Could you print the stretch of lines below from the one with "Tweed Short Jacket" through the one with "A Gold plated", exactly as they stand and without any pictures?

Supplied material:
+---+

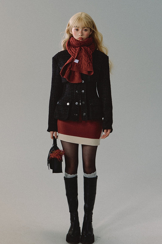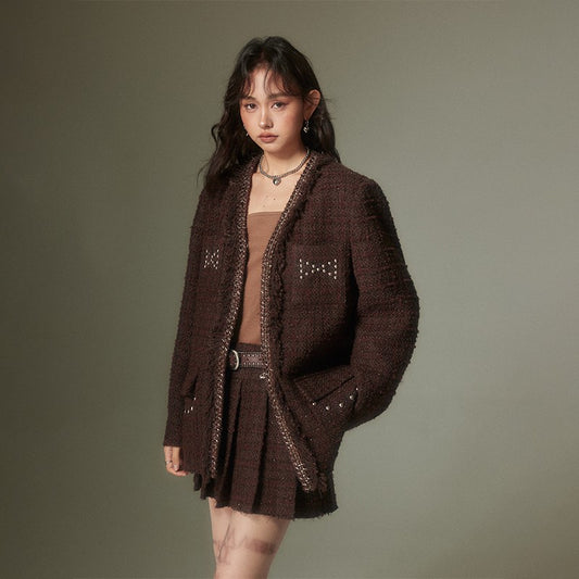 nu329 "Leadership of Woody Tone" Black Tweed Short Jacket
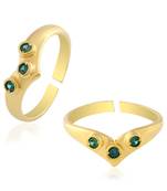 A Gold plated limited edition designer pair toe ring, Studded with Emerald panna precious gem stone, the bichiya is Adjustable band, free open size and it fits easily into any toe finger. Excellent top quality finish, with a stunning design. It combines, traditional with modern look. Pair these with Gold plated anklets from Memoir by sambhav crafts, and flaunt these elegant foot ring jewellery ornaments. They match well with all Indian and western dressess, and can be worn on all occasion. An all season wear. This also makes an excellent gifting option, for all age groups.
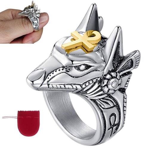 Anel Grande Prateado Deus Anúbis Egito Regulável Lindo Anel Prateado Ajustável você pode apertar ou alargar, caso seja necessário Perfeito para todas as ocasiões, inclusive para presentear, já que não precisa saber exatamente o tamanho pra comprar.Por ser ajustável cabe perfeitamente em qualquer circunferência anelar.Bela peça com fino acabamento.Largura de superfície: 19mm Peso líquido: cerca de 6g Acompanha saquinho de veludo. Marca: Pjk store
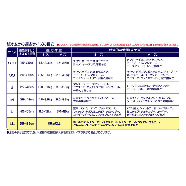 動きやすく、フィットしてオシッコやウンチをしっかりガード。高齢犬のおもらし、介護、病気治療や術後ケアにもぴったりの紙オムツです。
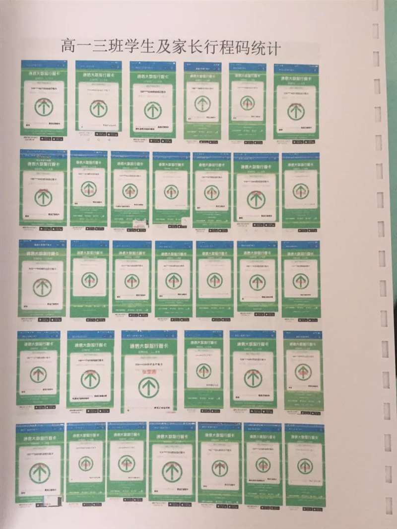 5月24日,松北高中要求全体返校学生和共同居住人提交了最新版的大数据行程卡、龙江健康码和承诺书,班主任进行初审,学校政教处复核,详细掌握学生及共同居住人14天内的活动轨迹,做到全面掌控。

+---+

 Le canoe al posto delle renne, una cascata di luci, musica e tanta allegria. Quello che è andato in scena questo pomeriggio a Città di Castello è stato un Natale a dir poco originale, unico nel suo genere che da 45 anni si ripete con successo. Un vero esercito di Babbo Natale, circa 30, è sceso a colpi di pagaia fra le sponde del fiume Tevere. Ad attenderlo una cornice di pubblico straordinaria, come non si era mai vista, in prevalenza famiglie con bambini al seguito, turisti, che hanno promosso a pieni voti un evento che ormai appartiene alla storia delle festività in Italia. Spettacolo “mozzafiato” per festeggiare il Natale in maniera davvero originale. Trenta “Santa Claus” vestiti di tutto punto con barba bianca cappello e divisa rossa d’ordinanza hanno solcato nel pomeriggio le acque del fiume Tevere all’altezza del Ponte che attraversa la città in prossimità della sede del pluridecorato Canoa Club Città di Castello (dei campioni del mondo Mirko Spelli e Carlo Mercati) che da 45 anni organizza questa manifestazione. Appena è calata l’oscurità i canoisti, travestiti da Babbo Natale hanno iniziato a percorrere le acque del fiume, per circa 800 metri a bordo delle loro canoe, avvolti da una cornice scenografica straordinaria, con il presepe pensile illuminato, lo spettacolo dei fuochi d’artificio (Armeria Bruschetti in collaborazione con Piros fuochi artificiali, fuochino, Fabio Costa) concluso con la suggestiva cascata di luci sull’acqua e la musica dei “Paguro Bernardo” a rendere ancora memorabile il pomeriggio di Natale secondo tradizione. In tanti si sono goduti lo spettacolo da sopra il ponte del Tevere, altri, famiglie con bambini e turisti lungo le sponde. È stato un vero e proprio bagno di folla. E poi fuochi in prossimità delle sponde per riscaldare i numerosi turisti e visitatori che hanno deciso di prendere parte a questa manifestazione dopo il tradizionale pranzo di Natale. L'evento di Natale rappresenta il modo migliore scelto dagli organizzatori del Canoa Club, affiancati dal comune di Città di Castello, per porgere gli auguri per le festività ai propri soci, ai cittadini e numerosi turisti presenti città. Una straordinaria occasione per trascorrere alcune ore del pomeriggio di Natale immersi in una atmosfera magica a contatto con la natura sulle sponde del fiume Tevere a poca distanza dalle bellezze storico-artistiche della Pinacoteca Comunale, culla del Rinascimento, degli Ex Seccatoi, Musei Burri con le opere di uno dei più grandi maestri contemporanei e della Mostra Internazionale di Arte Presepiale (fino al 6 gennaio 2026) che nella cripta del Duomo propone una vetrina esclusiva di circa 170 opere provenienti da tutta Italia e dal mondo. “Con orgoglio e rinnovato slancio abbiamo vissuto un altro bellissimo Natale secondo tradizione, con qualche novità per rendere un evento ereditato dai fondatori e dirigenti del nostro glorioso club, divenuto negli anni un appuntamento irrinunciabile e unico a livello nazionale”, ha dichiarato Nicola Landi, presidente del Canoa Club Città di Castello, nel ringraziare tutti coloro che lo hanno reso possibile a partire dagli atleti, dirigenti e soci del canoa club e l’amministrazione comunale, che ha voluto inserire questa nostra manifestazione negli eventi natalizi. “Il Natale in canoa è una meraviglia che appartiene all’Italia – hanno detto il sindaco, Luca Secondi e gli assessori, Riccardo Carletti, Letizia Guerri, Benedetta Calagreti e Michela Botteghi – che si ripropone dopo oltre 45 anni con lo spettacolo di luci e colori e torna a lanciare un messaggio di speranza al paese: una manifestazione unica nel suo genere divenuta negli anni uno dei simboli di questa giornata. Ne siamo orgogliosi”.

+---+

Answer for this exercise:
 nu329 "Leadership of Woody Tone" Black Tweed Short Jacket
 A Gold plated limited edition designer pair toe ring, Studded with Emerald panna precious gem stone, the bichiya is Adjustable band, free open size and it fits easily into any toe finger. Excellent top quality finish, with a stunning design. It combines, traditional with modern look. Pair these with Gold plated anklets from Memoir by sambhav crafts, and flaunt these elegant foot ring jewellery ornaments. They match well with all Indian and western dressess, and can be worn on all occasion. An all season wear. This also makes an excellent gifting option, for all age groups.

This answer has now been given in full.